BTW that 6970 + 6990 watercooled pic -
*farm6.static.flickr.com/5107/5602329063_ec62e010da_b.jpg


----------



## papa (Apr 9, 2011)

*Re: Msi hd6990 4gb*



Jaskanwar Singh said:


> thats bound to have high temps and noise. its fastest card.
> but according to reviews noise is tolerable. temps are not that much concern.
> and your haf x is perfect for that.
> 
> ...



Thanks Jas and all other folks for their valuable suggestions
As Jas said..going for a HD6970 and later crossfire it.
That way saved some bucks also


----------



## Jaskanwar Singh (Apr 9, 2011)

*Re: Msi hd6990 4gb*

you are welcome papa


----------



## vickybat (Apr 9, 2011)

*Re: Msi hd6990 4gb*

*@ papa*

6970 has 2gb vram. It will be useful at higher resolutions. But why not a single gtx 580 buddy? You can opt for the 3gb version from zotac or palit. Since initially you were eyeing the 6990, i guess budget is not that much of a concern for you.
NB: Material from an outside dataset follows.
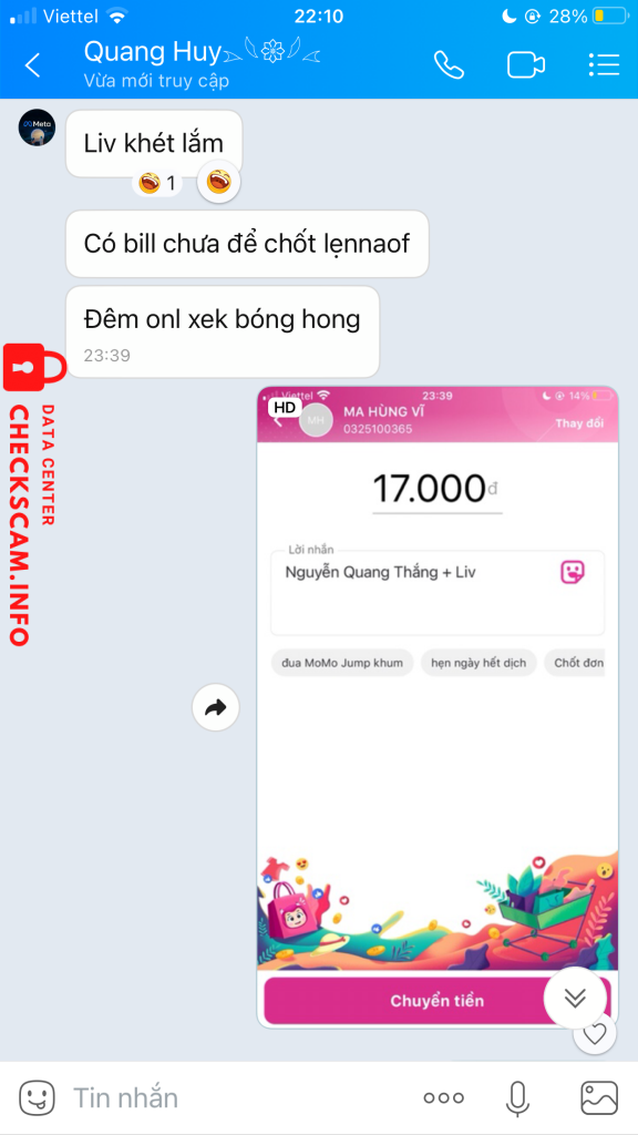 Scammer Alert: Quang Huy Reported: November 16, 2024 Scammer Information Full Name: Quang Huy Phone Number: 0325100365 Payment Gate: Momo Payment Account: 0325100365 Category: Marketplace scams Source: Checkscam Evidence Files Report Description Lừa đảo người khác chiếm đoạt tài sản Comments Your comment Add Comment No comments yet. Be the first to share your experience with this scammer.

But anyways 6970 is still a good choice and will save you considerable money.


----------



## coolgame (Apr 10, 2011)

*Re: Msi hd6990 4gb*

hey, if its full hd resolution,buy a gtx 580 1.5gb for a year till the nvidia kepler and amd 7000 series settle in the market.if u are adamant on getting a card once and for all now,then wait for sometime till the zotac 580 amp2 releases.superb cooler and 3gb ram+oc.580>6970.so in sli u will have 3gb effective memory and better performance due to the oc


----------



## vickybat (Apr 10, 2011)

*Re: Msi hd6990 4gb*

^^ Yes i completely agree to your point. 3gb 580 is a superb buy and ideal for a sli setup later.


----------



## Joker (Apr 10, 2011)

*Re: Msi hd6990 4gb*



papa said:


> Thanks Jas and all other folks for their valuable suggestions
> As Jas said..going for a HD6970 and later crossfire it.
> That way saved some bucks also



good choice there.

HD 6970 cfx is better than gtx 570 sli due to much better scaling. even hd 6950 cfx is better than gtx 570 sli.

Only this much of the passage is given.